Wie war es in den vergangenen Monaten um die alltäglichen Berührungen, um Händedruck und Umarmungen bestellt? Vielen fehlt die tägliche Tuchfühlung mit ihren Mitmenschen. Und besonders chronisch kranke oder pflegebedürftige Personen wissen Berührungen und Körperkontakt, auch professionelle körperorientierte Anwendungen wie Massagen zu schätzen.

©iStock, 1373233799, skynesher

Mit diesem Schwerpunkt gehen wir der Frage nach, wie Berührung zur Heilung beiträgt.

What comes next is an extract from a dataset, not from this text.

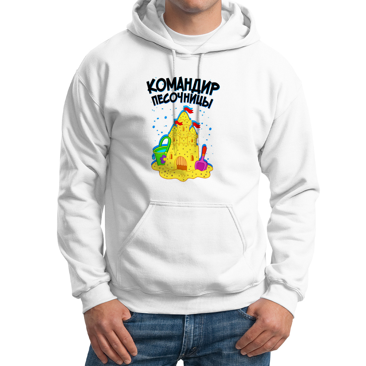 Худи унисекс CoolPodarok Прикол Дети Командир песочницы белое 50 RU, Белый, 0M015553
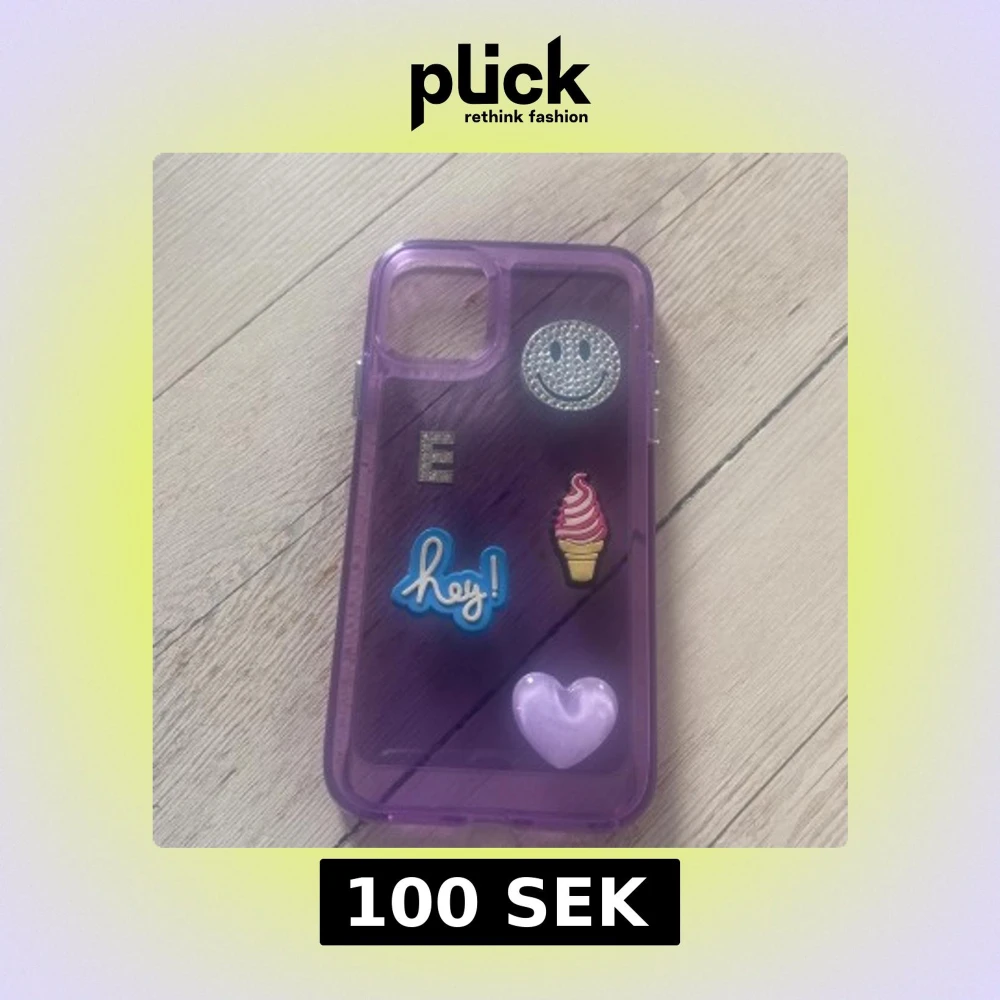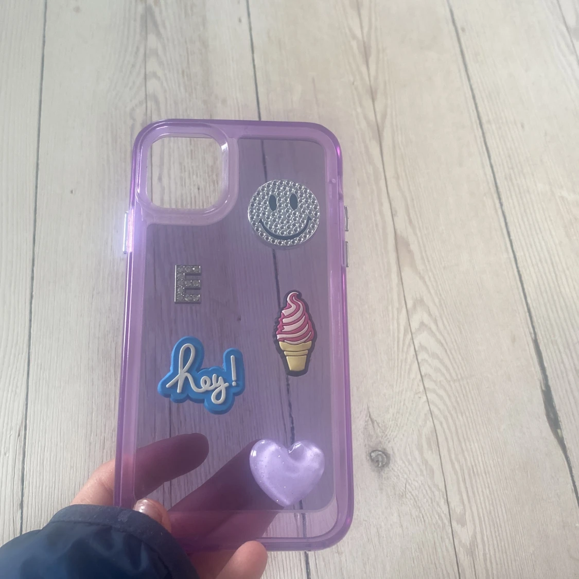 Lila mobilskal med block glass lila hjärta hej blå text :-) silvrig pärl smiley och ett silvrigt pärl E

Was Patientinnen und Patienten erleben

Im Behandlungsalltag von erkrankten Personen, insbesondere von Krebskranken, kommt es zu zahlreichen Berührungen, oft durch Fremde in eher unangenehmen Situationen. Oft ist auch noch die Berührung selbst unangenehm oder schmerzhaft. Aus dem privaten Umfeld wird berichtet, dass erkrankte Familienmitglieder sich zurückziehen. Einerseits weil sie Energie, Aufmerksamkeit und Zeit für sich, für ihre Therapie und Gesundung brauchen, andererseits wollen sie oft die anderen nicht mehr als „sowieso schon“ belasten. Nebeneffekt ist dann, dass auch die kleinen liebevollen Berührungen, Streicheleinheiten oder Zärtlichkeiten ausfallen. Eine Patientin berichtet über ihre Massage: „So viele Ärzte und medizinisches Pflegepersonal haben mich in den letzten Monaten bei Untersuchungen und Therapien angefasst, aber eine achtsame Berührung hat eine ganz andere Qualität, weil sie darauf ausgerichtet ist, dass es mir im Moment gut gehen darf.“ In ihrem Patientinnenbericht schreibt Gabriele Ruys, selbst von Brustkrebs betroffen, wie beglückend sie die Massagen ihrer Kolleginnen besonders nach der Operation, in der Zeit der körperlichen Stärkung nach der Therapie, empfunden hat. Und nicht nur die Massagen, die sie empfangen hat, sondern auch die, die sie geben konnte, waren bereichernde Erlebnisse in ihren Monaten als Patientin. Schauen wir genauer auf die Wirkung von Berührungen in unserem Körper.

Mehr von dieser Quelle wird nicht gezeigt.